The project is a co-production between the Central African Republic and the United States, released under the Novo Pictures banner, and was directed by Andrew Michael Ellis and Lindsay Branham, working in close collaboration with their subjects and their communities. Short-form documentary drama of this kind, shot on location with local non-professional or semi-professional performers, demands a particular kind of discipline from its directors: there is no room for padding, and the camera has to earn the trust of the people it is watching. The principal cast, Bachir So, Josette Melodie Agouh, Guillame Ngbowesse, and Mac Armel Degoto Conzry, are not household names beyond this film, and that anonymity, far from being a weakness, is part of what gives the work its raw, unmediated quality. These faces do not carry the baggage of other roles, and the result feels closer to testimony than to performance. If you enjoy short drama that approaches its subject with similar seriousness, it is worth comparing notes with the site's coverage of Lost Boy in Juba (2017), another 2010s film that looks unflinchingly at the human cost of conflict in sub-Saharan Africa, or with the review of Megdan: Between Water and Fire (2024), another drama in which ordinary people find themselves crushed between opposing forces.

Short films occupy an awkward space in how most of us consume cinema: streaming platforms bury them, festivals celebrate them briefly, and they rarely get the sustained critical attention that a feature would. Yet some of the most concentrated and honest filmmaking of any given year turns up in the short form, precisely because the constraints force choices that longer films can avoid.
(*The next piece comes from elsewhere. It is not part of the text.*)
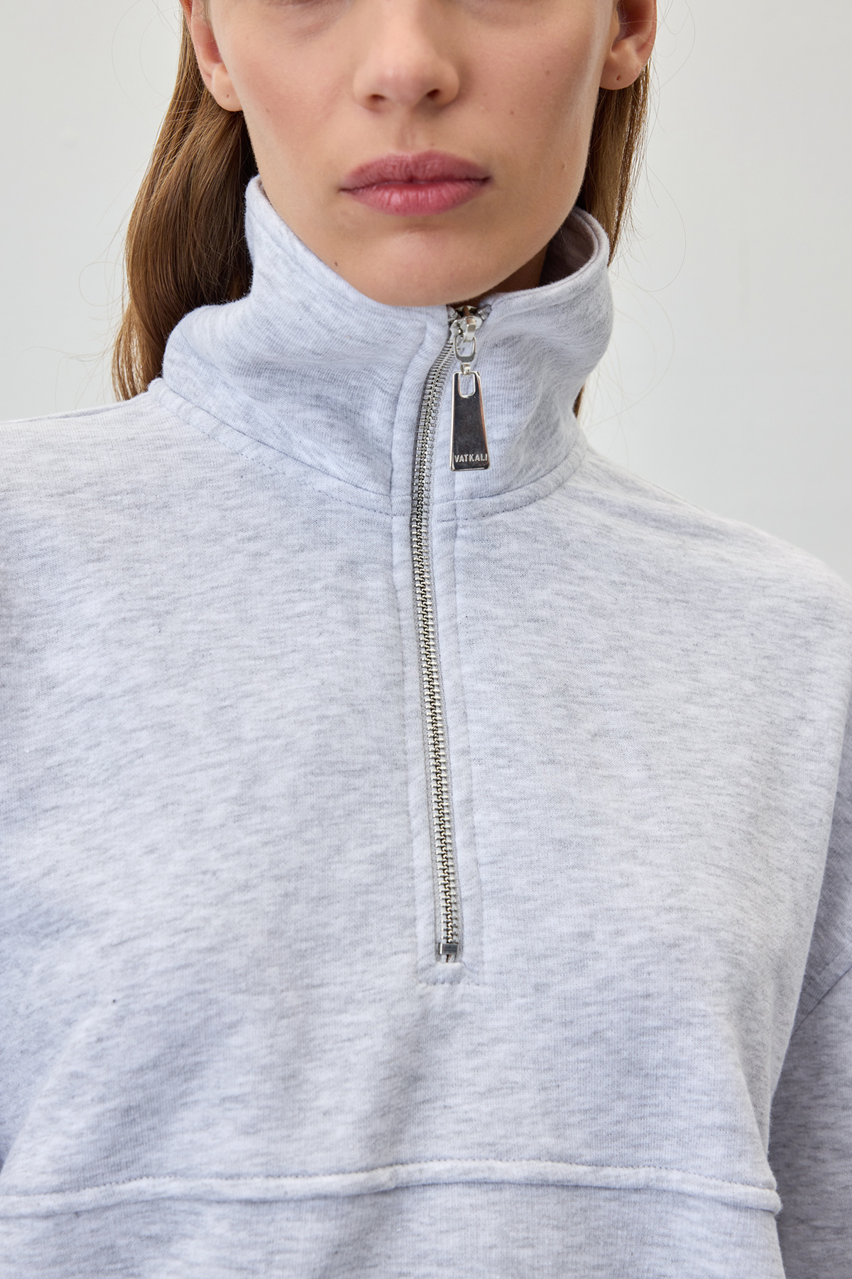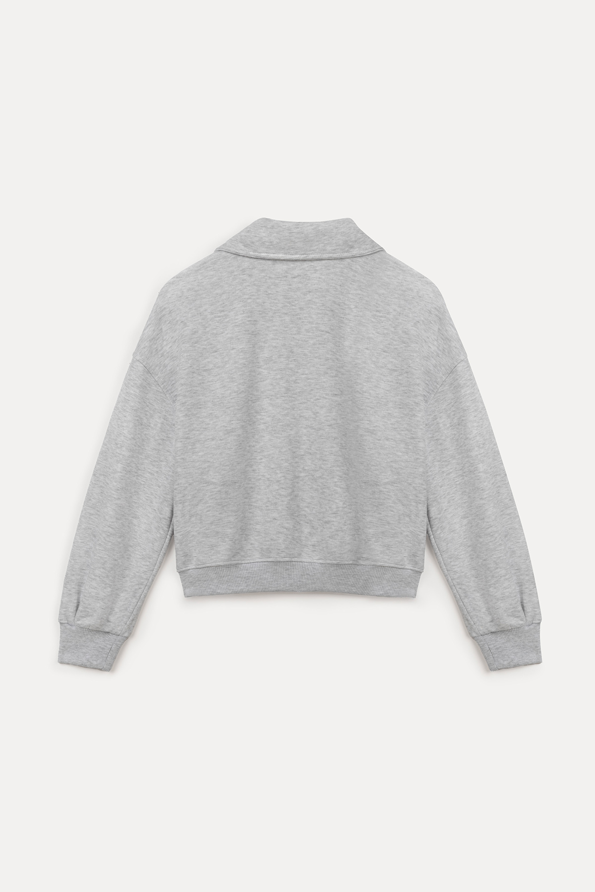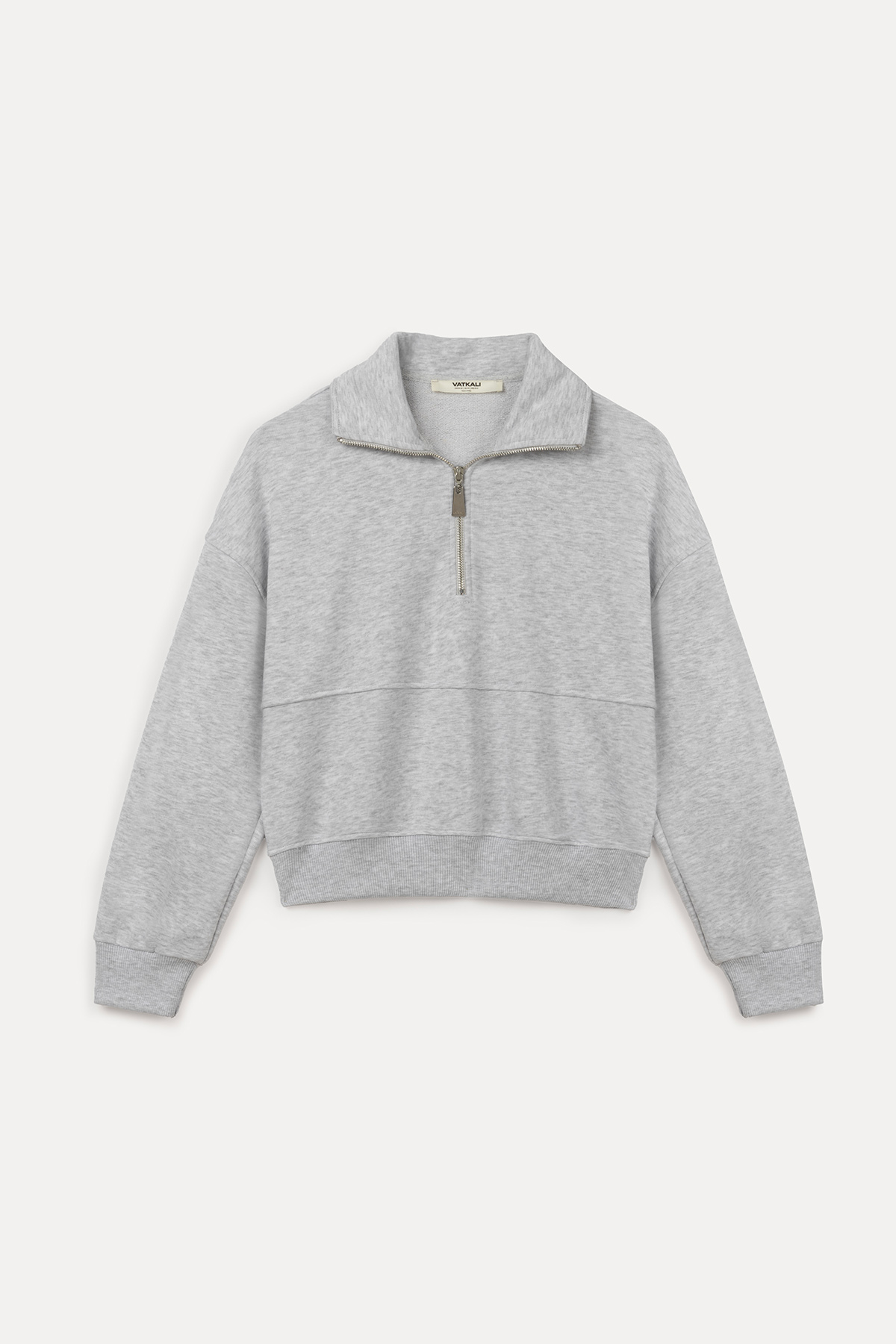 Boğazlı, uzun kollu, önü yarım fermurlı, pamuklu, oversıze kalıp sweatshirt.

All Are Human sits comfortably alongside other small-scale dramas reviewed here, such as Sugar Cane Alley (1983) and Dhanmalhi (1993), films that use limited means to illuminate lives that mainstream cinema tends to overlook. Whether this particular short achieves what it sets out to do is, of course, for the review below to answer.

A-Z World Movie Tour Central African Republic https://vimeo.com/215053865 Wow. Based on true accounts... You know sometimes when the movie ends and you just let the credits roll and absorb what you've just seen? This is one of those shorts. I've said it once. I'll say it a thousand times. Movies are either an escape from reality or a reflection of it. This... is someone's story. Someone's actual story. The cinematography is stunning. The soundtrack is beautiful, haunting and melancholic. The story is real. The acting reflects that. My only gripe... is that it's too short. This story deserves more than 20 minutes. The lives of the people in it deserve more than 20 minutes. People get drawn into these conflicts and are forced to carry out the most barbaric acts. Nobody wins. I think I have to give this a near perfect score. Best short I've seen so far.

I stand by every word of that. Twenty-odd minutes is simply not enough for a story this layered, and the feeling of wanting more is, paradoxically, the film's greatest achievement: it has made you care so much that the ending feels like an interruption rather than a conclusion. The people whose lives fed into this film deserved a full feature, a proper theatrical release, and a much wider audience than a short has ever been likely to find. What stays with me most is that combination of beautiful, haunting cinematography and the knowledge that none of it is invented. Sometimes the simplest films carry the heaviest truths, and this is one of them.